Broad review of the definition of data science. Can easily get the same information from a quick Google search. Week 3 was the most useful.

por Roger A

26 de jul de 2020

Many interviews, nice chats, but not so much content. I was expecting some more theory/practice, not so much documentary.

por Ross E

25 de mar de 2020

Most of the transcripts of the videos were from old or different versions of the videoes. This fails the basic principle one of the core of the five Vs: Veracity. None done.

There were countless errors in the IBM voiced-over, animation videos. For example saying that data mining is "automated" when it was just explained that data priming - which is often highly manual at the outset - is an important part of the first steps of data mining. It is absolutely NOT inherently an automated process from end to end.

The final "capstone" assignment which was essentially regurgitation was graded incorrectly. Especially with respect to the final reading. Students were asked to list the "main" sections of what should constitute a report to be given to stakeholders following data science based research. Firstly, dictating sections is stupid as you need to customise to your audience and NO, doing it that way should never be prescribed as universal. Secondly, even adhering strictly to what the reading said and ONLY what the reading said, the grading criteria was WRONG. How on earth did you list Appendices, CLEARLY stated as OPTIONAL as one of the 10 main sections? Not only that, you listed sub-sections as whole sections. For students that got the answer correct, I graded them as such and commented that I'm doing this because the criteria was in fact erroneous.

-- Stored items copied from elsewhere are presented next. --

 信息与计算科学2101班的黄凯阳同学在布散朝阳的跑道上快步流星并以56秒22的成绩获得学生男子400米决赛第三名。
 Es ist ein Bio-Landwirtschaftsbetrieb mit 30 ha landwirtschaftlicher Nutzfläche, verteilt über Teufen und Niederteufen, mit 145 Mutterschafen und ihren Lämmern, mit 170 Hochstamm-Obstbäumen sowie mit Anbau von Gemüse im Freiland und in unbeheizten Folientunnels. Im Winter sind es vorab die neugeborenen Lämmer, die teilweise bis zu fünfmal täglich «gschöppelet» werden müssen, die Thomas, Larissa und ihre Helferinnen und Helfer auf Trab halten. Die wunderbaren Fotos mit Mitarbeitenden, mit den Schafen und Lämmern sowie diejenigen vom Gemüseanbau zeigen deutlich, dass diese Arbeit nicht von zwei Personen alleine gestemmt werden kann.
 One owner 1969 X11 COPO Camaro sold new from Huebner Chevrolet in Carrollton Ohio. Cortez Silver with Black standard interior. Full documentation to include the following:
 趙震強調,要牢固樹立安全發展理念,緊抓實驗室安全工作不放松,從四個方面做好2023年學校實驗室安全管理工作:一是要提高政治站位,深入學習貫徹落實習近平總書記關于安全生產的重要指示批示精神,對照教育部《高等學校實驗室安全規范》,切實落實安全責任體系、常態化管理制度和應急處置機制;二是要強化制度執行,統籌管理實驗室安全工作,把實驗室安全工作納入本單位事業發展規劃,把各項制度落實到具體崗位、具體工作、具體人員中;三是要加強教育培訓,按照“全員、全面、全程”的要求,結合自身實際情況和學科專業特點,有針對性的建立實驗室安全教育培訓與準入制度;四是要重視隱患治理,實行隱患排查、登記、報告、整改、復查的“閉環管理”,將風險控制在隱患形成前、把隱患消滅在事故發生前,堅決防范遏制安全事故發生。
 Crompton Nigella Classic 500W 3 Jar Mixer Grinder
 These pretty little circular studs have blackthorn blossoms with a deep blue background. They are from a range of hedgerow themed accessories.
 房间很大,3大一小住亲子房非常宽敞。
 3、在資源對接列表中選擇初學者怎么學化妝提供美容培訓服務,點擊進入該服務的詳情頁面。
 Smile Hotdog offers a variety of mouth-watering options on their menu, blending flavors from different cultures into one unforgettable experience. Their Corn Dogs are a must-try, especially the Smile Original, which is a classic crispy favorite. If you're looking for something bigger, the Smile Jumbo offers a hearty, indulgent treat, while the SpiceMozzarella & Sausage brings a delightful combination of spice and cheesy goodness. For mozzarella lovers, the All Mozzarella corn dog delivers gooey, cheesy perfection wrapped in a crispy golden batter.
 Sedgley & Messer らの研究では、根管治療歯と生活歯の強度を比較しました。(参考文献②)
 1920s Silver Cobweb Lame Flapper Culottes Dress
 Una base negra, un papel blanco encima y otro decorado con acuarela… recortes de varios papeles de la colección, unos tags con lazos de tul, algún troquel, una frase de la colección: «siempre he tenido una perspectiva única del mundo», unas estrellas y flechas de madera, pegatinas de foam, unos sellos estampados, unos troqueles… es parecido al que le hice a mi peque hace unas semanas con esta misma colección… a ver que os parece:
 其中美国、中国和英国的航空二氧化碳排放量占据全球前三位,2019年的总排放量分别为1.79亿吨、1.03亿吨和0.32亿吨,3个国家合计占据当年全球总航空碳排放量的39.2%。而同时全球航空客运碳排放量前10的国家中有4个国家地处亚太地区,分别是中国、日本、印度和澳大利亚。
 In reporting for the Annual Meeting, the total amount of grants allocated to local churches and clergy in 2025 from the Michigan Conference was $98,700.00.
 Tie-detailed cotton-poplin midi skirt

It's one MOOC. How hard is it to get the basics right? What happened to the IBM culture that used to make software engineers write all their code without a compiler to MAKE SURE what they were building was as correct as possible before compiling because of a focus on quality?

Amateur hour over here. Not inspiring.

por SHANNON L H

12 de set de 2019

Was pretty upset that the answers on the final assignment were incorrect according to the course materials. I am an OCD person that is very by the book, who studies and seeks my answers directly from the materials. I am hear to learn and depend on you to have accurate learning materials and tests that follow the course materials.

I create procedure manuals for staff. One of the first things I do when I finish a new manual, is go through each thing, step by step, to make sure it is accurate. My manuals are for a handful of people, your learning materials are for thousands of people, many of which have language barriers, as English is not their first language. So this makes it even more important for your assignments/tests to be extremely clear in their questions and the answers correct according to the course material. When you have a tremendous amount of complaints about this on the discussion forums and no one of power is doing anything to correct this, this is a major issue.

I had started a specialization with Coursera a few months before and quit near the end of course two due to extreme frustration with these same issues. I love the idea of these specializations, and would love to take many of them. I hope and pray that the rest of this course will be a vast improvement over the last assignment in Course 1 week 3.